Required work :: Transcribe only the part of the material below that begins at the line containing "Monument to Gertrude" and ends at the line containing "The U.S. Navy", with both kept and images left out.

Data to process ::
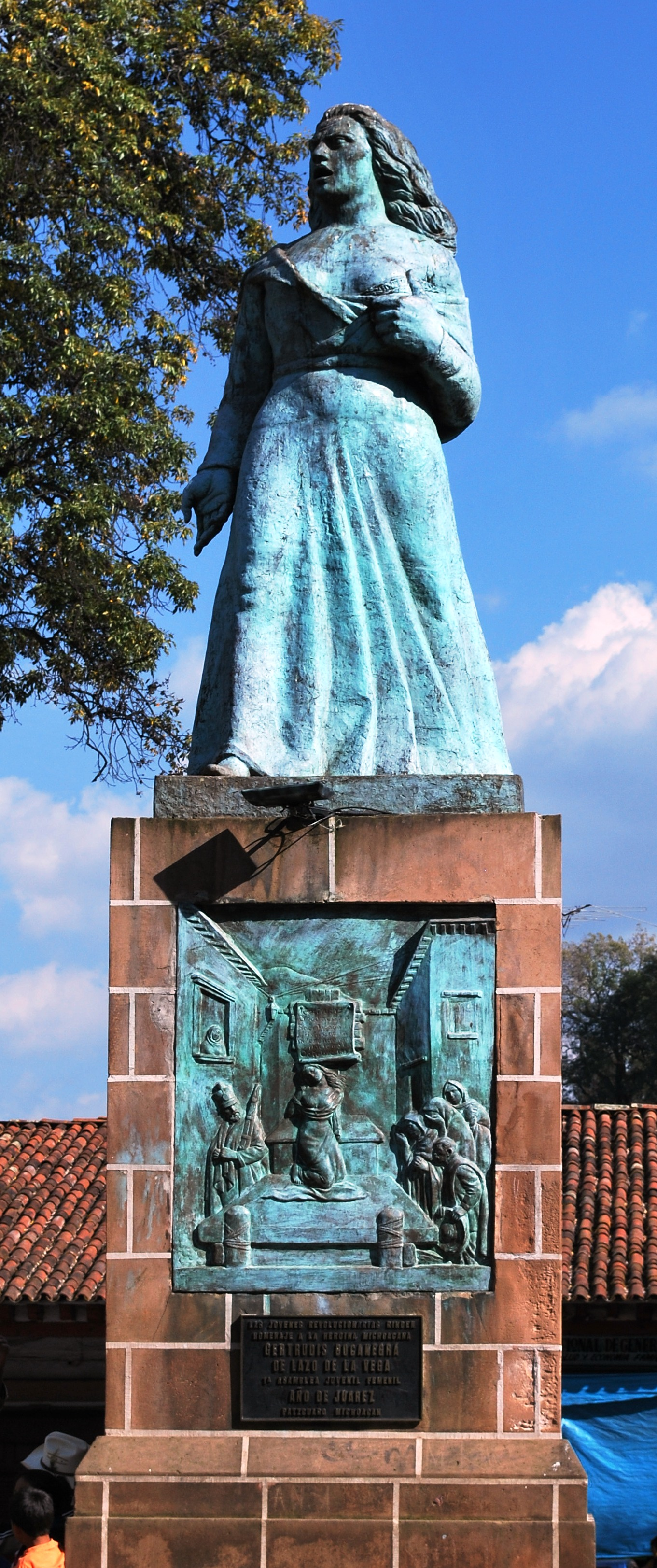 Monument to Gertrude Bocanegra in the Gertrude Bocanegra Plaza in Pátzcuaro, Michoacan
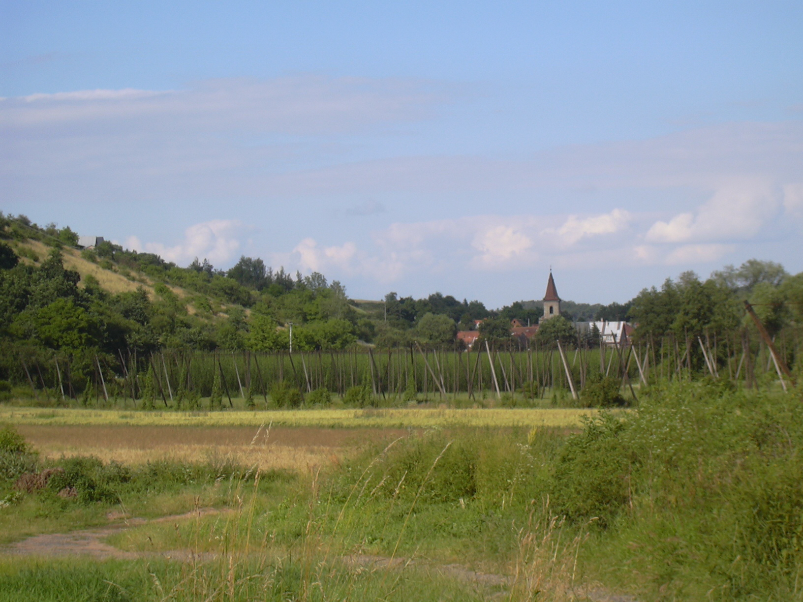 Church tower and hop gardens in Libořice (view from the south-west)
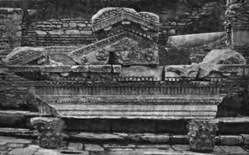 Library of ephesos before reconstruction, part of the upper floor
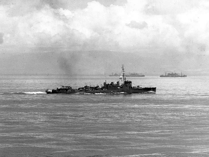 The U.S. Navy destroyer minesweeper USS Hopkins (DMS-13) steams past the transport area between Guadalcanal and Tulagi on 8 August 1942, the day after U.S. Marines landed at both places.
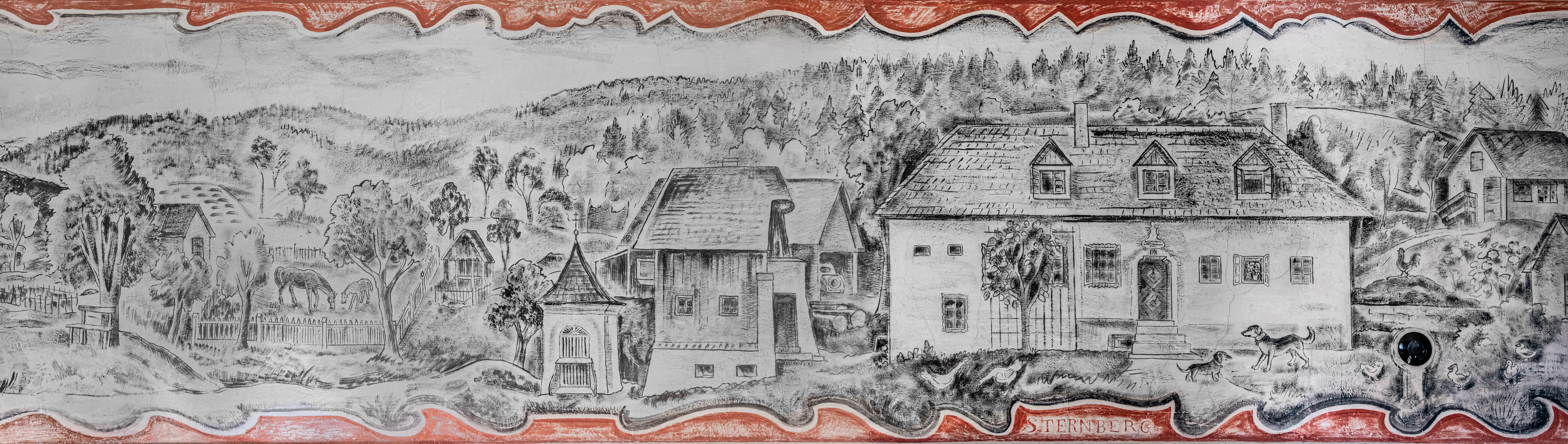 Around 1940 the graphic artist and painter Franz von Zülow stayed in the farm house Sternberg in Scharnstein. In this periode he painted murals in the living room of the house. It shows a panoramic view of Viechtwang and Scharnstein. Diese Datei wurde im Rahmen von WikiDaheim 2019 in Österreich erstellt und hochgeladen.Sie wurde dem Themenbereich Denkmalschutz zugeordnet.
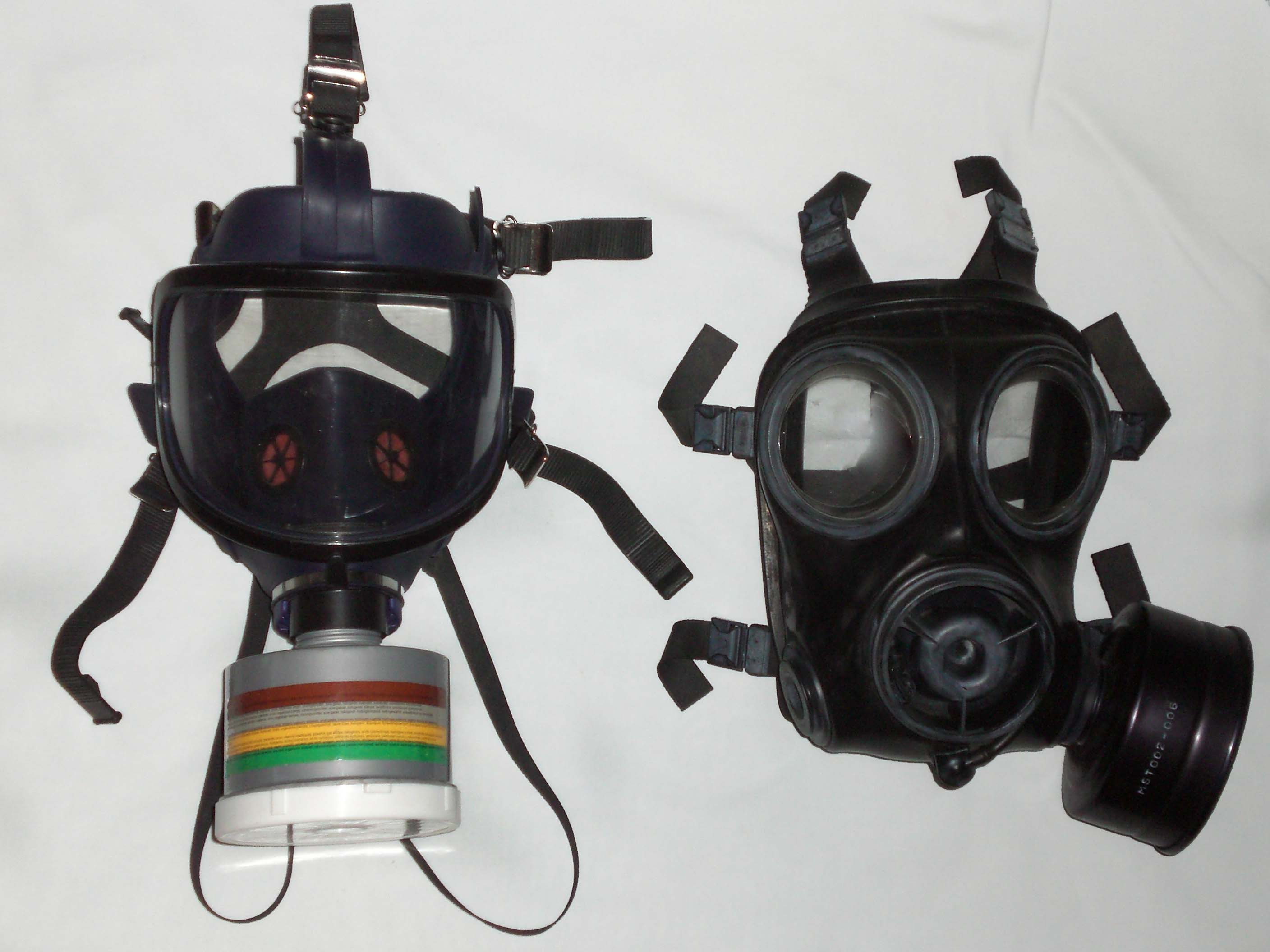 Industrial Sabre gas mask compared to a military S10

...

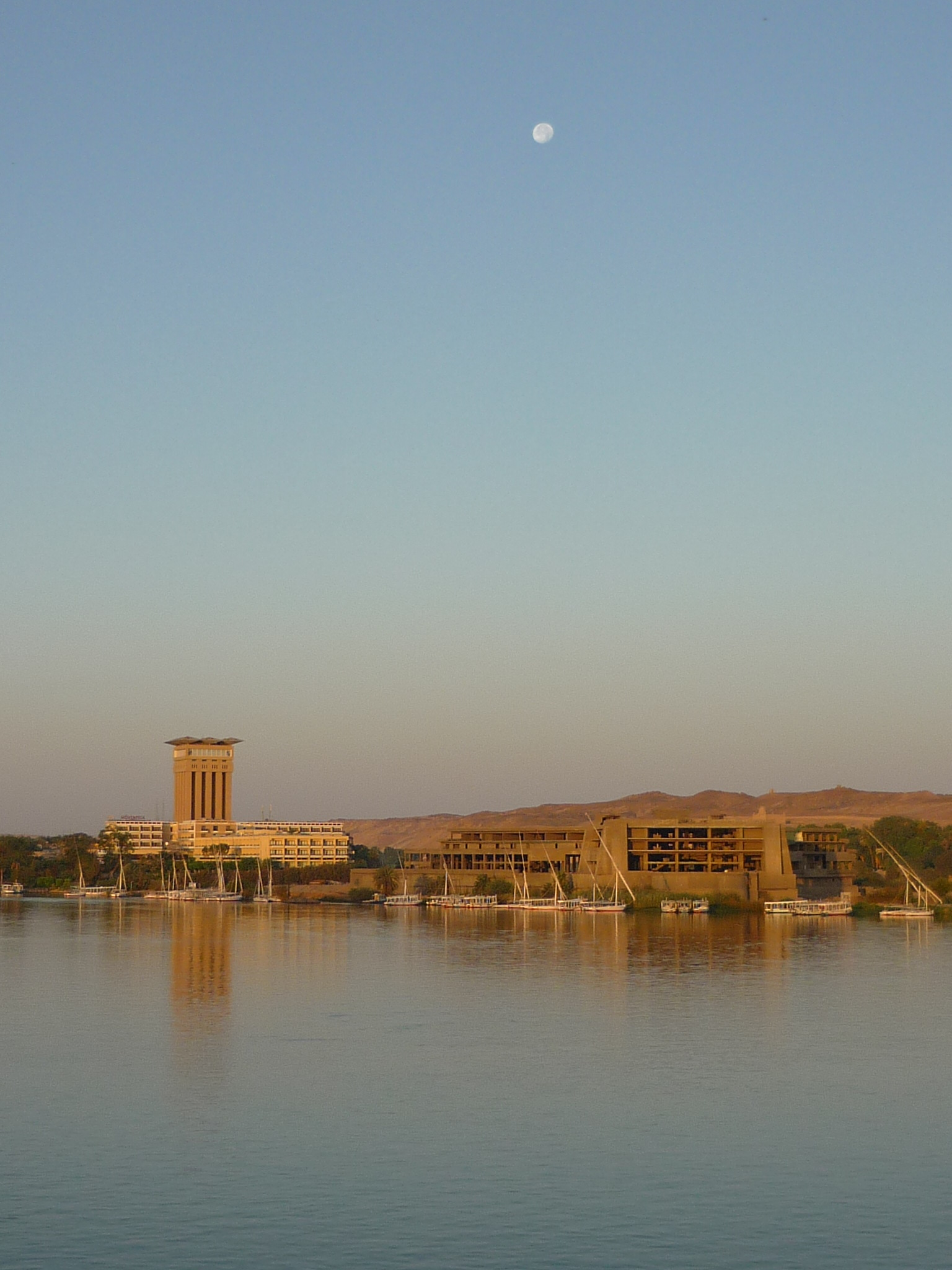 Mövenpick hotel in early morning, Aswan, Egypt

---

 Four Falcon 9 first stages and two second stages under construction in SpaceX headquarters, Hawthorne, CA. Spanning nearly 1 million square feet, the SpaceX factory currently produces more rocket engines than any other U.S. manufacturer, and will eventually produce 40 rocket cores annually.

Response to the task ::
 Monument to Gertrude Bocanegra in the Gertrude Bocanegra Plaza in Pátzcuaro, Michoacan
 Church tower and hop gardens in Libořice (view from the south-west)
 Library of ephesos before reconstruction, part of the upper floor
 The U.S. Navy destroyer minesweeper USS Hopkins (DMS-13) steams past the transport area between Guadalcanal and Tulagi on 8 August 1942, the day after U.S. Marines landed at both places.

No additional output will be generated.